All analyses were performed using Stata/SE 11.1 for Linux 32 bit (Stata Corporation, College Station, TX).

Results

Inter- and intra-observer reliability was very high for raw digit measurements, with ICC's for left and right, index and ring fingers all being greater than 0.95. ICC's for 2D:4D ratio were slightly lower than those for raw digit measurements (0.80 for right and 0.73 for left 2D:4D), but still suggest that the observed variability in digit ratio is largely due to individual differences rather than measurement error.

There were 408 men who had insufficient plasma, or whose results were deemed innappropriate for statistical analysis by the laboratory. A further 723 males did not have their hands photocopied, leaving 1036 men (48% of 2167 eligible) available for analysis. Of the 2492 eligible women, the laboratory returned 1875 results deemed appropriate for analysis. 714 women did not have their hands photocopied, and a further 529 women were classified as pre-menopausal at time of blood draw, rendering them ineligible for analysis. An additional 12 women who had missing values on potential confounders were excluded, leaving 620 women (42% of those post-menopausal women originally eligible) included in the present study.

The mean age at baseline was 54 for men and 60 for women. Seventy-nine percent of men and 80% of women were born in Australia, New Zealand, or the United Kingdom. The demographic, personal, and lifestyle characteristics of participants as well as mean plasma concentrations of hormones and 2D:4D are presented in Table 1 (men) and Table 2 (women).

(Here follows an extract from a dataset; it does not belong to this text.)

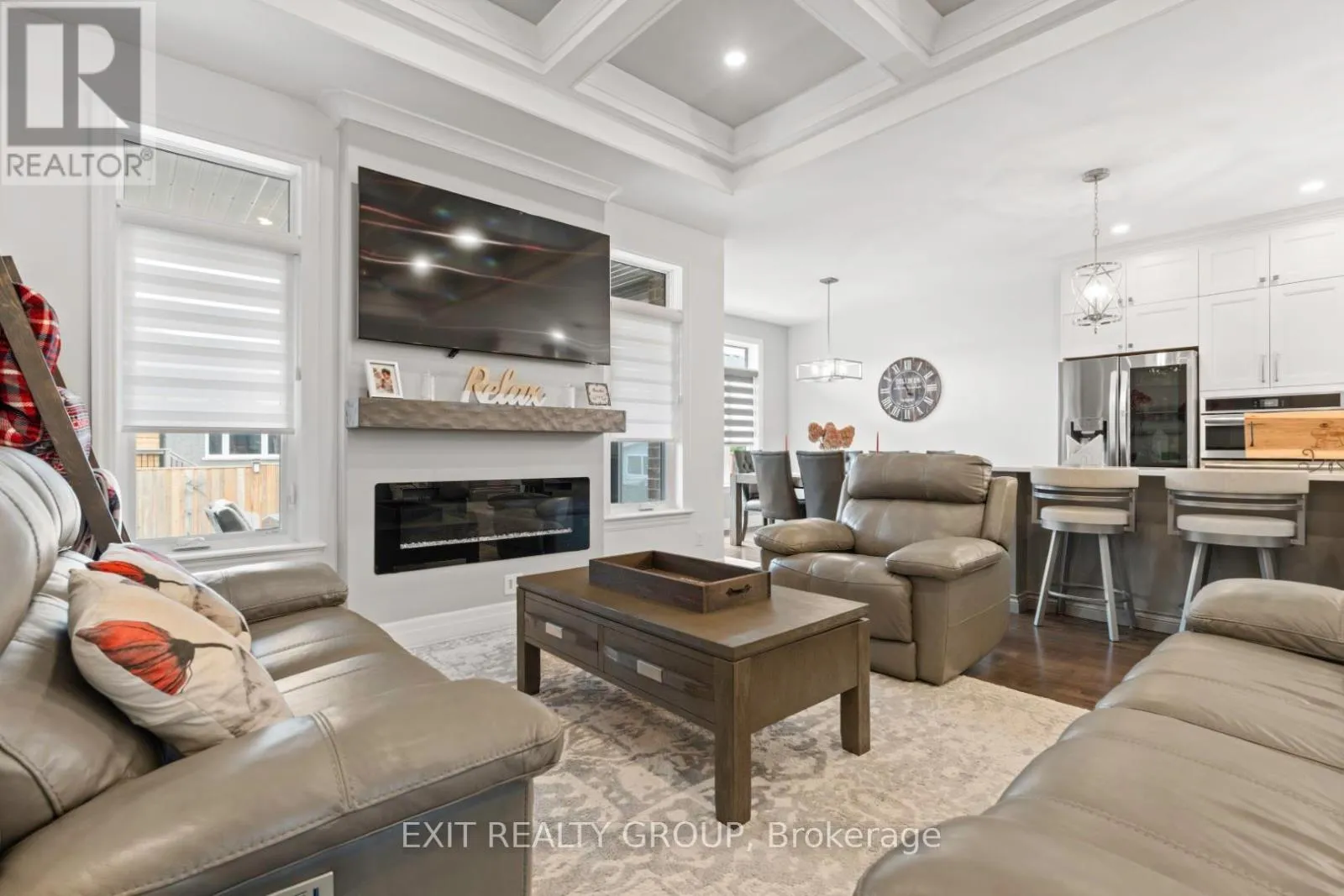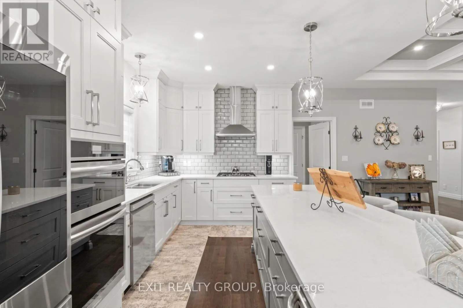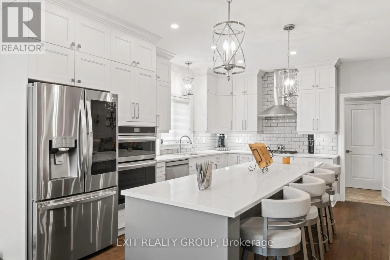 Cross Streets: Kipling Dr or Wims Way & Essex Dr. ** Directions: Farnham Rd to Kipling Dr to Essex Dr. Immaculate Staikos built three-year-old brick bungalow in Caniff Mills, Belleville. This four-bedroom, three-bathroom home features a high-quality kitchen with built in wall ovens, cooktop, pantry and built in wine cooler, Cambria quartz counters, Mirage hardwood flooring, custom powered blinds, phantom screen doors front and back for that perfect cross breeze, detailed coffered ceiling in the great room and built in electric fireplace with mantel. The Primary bedroom includes a walk-in closet and a 4-piece ensuite with tiled glass shower, double sink vanity with Cambria quartz counters. Full finished basement with large rec room, bar for entertaining, full bathroom with heated floors, 2 bedrooms, office area and lots of storage space. Relax in the maintenance-free interlock backyard, complete with hot tub with privacy screens, gas BBQ hookup, a composite deck, pergola, bistro area perfect for morning coffee and shed/workshop with hydro. Attached double car garage and triple wide driveway with interlock makes for lots of parking space. Conveniently located near all amenities, this home also provides easy access to the 401, subdivision playground park and the riverside trail. Harmony School District. School bus pickup available. (id:27476)
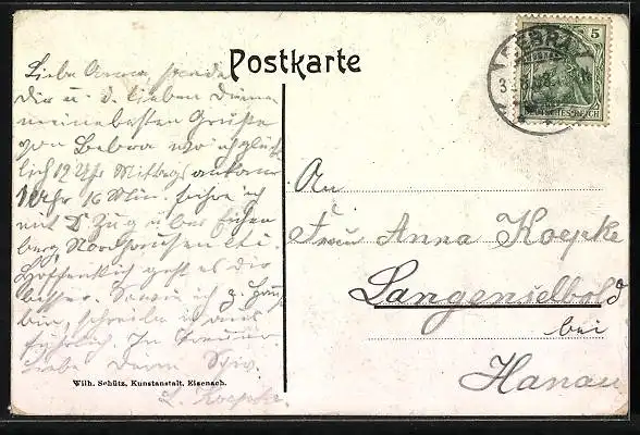 gelaufen 1908, Eckknicke oben, guter Zustand

Table 1. Demographic and lifestyle factors, and plasma concentrations of hormones and SHBG for the 1036 men

Table 2. Demographic and lifestyle factors, and plasma concentrations of hormones and SHBG for the 620 women

Based on analyses of the whole random sample (n = 2575), women had higher mean 2D:4D than men for both left and right hands. The mean differences in the ratios were 0.014 (95% CI, 0.011 - 0.016; Cohen's d = 0.37) for the right hand, and 0.013 (95% CI, 0.010 - 0.015; Cohen's d = 0.35) for the left hand. The estimated sex differences were not changed materially by adjusting for age and ethnicity. There were no substantial sex differences in Δr-l, though it was slightly higher for women than men on average (mean difference of 0.001; 95% CI, -0.002 - 0.003). Greek and Italian participants had slightly lower 2D:4D than Anglo-Celtic participants, but these differences were insubstantial (all mean differences < 0.009). Greek and Italian participants also had lower Δr-l than Anglo-Celtic participants (Tables 1 and 2). There were small reductions in 2D:4D with increasing age (for example, 0.009 (95% CI, 0.0007 - 0.010) reduction in right 2D:4D for each 10 year increase in age). The unadjusted pairwise correlation between right 2D:4D and age was -0.23 (P < 0.001) for men and -0.18 (P < 0.001) for women. Similarly, for left 2D:4D the correlation coefficient was -0.15 (P < 0.001) for men and -0.14 for women (P < 0.001). Undadjusted pairwise correlations between Δr-l and age were -0.09 (P = 0.002) for men and -0.05 (P = 0.08) for women.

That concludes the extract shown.